Due to Kallu Bania for stores purchased the sum of Rs. 649-14-6 (Rupees six hundred and forty-nine annas fourteen and pies six) only.

2. The inconsistency is in the original. It is doubtful whether this can be called a promissory note, but it is so called by the plaintiff and this description was accepted by the defendant. The only question is whether interest should be paid on this sum of Rs. 649 odd because there is no mention of any covenant to pay interest in the instrument itself. I must presume for the purposes of this appeal that this is a promissory note, and under Section 80, Negotiable Instruments Act, interest is payable at the rate of 6 per cent per annum. The further question has arisen whether interest should be paid from the date of the execution of the promissory note or from some future date which may be considered to be the date of demand. The case of Ganpat Tukaram v.

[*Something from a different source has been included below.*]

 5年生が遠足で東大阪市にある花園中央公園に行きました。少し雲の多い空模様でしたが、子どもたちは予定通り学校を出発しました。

Sopana Tukaram 1928 Bom. 35, is authority for the proposition that interest should run from the date of the execution of the instrument. In support of the same proposition there is another case, viz., Khurshid Haq v. Ram Ditta Mal 1928 Lah. 665. On the other side, my attention has been drawn to the case of Prem Lall Sein v. Radha Bulla Kankra 1931 Cal. 140. In the Calcutta case the learned Judge agreed with the view expressed in Ganpat Tukaram v. Sopana Tukaram 1928 Bom. 35, that the money due on a promissory note becomes due at the date of execution if the promissory note is one which is payable on demand. In that view of the matter it would normally be assumed that interest would run from that date because under Section 80, Negotiable Instruments Act, the interest runs from the date when the amount due ought to have been paid. The basis of the decision in the Calcutta case is that the word 'same' in Section 80, Negotiable Instruments Act, refers to 'interest' and not to 'amount due.' If that was so the section would run:

When no rate of interest is specified in the instrument interest on the amount due shall. be calculated at the rate of 6 per cent, per annum from the date at which the interest ought to have been paid by the party charged until tender or realisation of the amount due thereon.

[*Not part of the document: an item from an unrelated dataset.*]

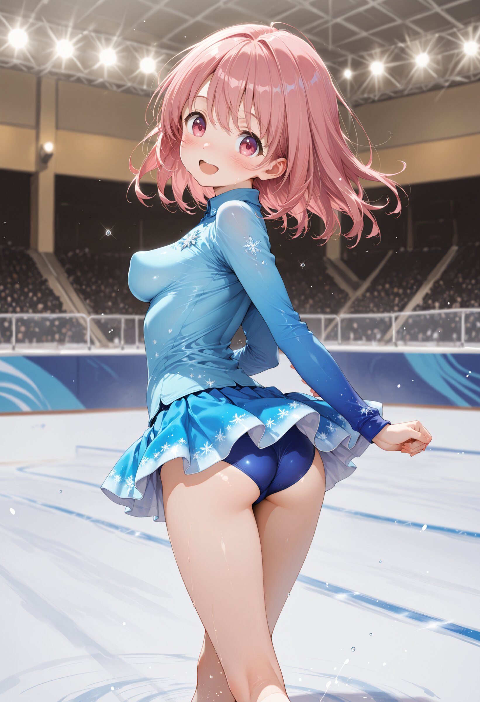 masterpiece, best quality, amazing quality, general, fine detail, official art, 1girl, (loli:1.2), beautiful pink hair, beautiful eyes, blue dress, perfect fit, miniskirt, figure skating, skating rink, show time, large breasts, (perky breasts:1.2), impossible clothes, blue pantie, slim legs, slim hip, blush, happy, dynamic action,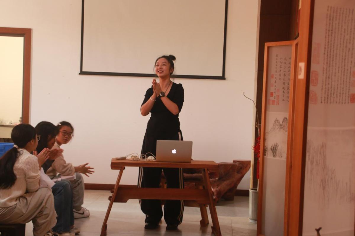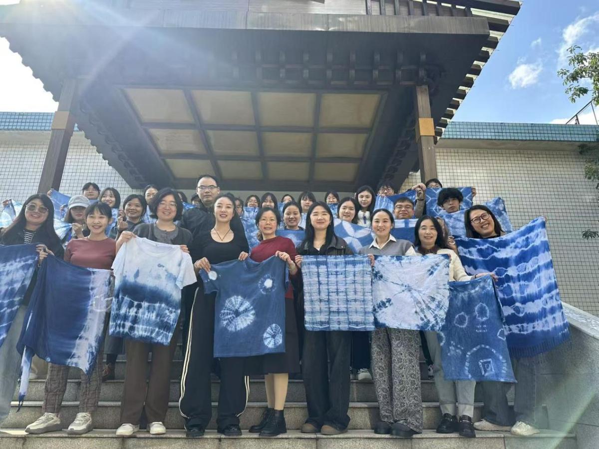 次日9时,中国传统文化研究与体验中心再迎热闹景象,80名师生怀揣对非遗文化的热忱,参与国家级非物质文化遗产——扎染实践活动。本次活动由汉语言文字学教研室主办,特邀非遗手工艺(古法蓝染、蜡染、扎染)传承人、重庆星斗源文化传播有限公司总经理梁秀昱女士,携手助教曹小琴老师,带来一场沉浸式的扎染探索之旅。

3. If this were the wording of the section, it seems to me that it would be meaningless because interest could not be calculated until it became due and interest could not become due so that it ought to have been paid before the date from which it could be calculated. I therefore consider that the view taken by the Bombay High Court in Ganpat Tukaram v. Sopana Tukaram 1928 Bom. 35, is the proper view. In the result the appeal is allowed and the decree of the lower appellate Court is varied to this extent that instead of interest being charged on the first promissory note at the rate of 2 per cent per mensem, interest shall be charged at the rate of 6 per cent per annum. Interest shall run from the date of the execution of the promissory note. In other respects the order of the Court below shall stand. The appellant will get 3-4th of his costs in this Court and the order for costs in the Courts below shall stand.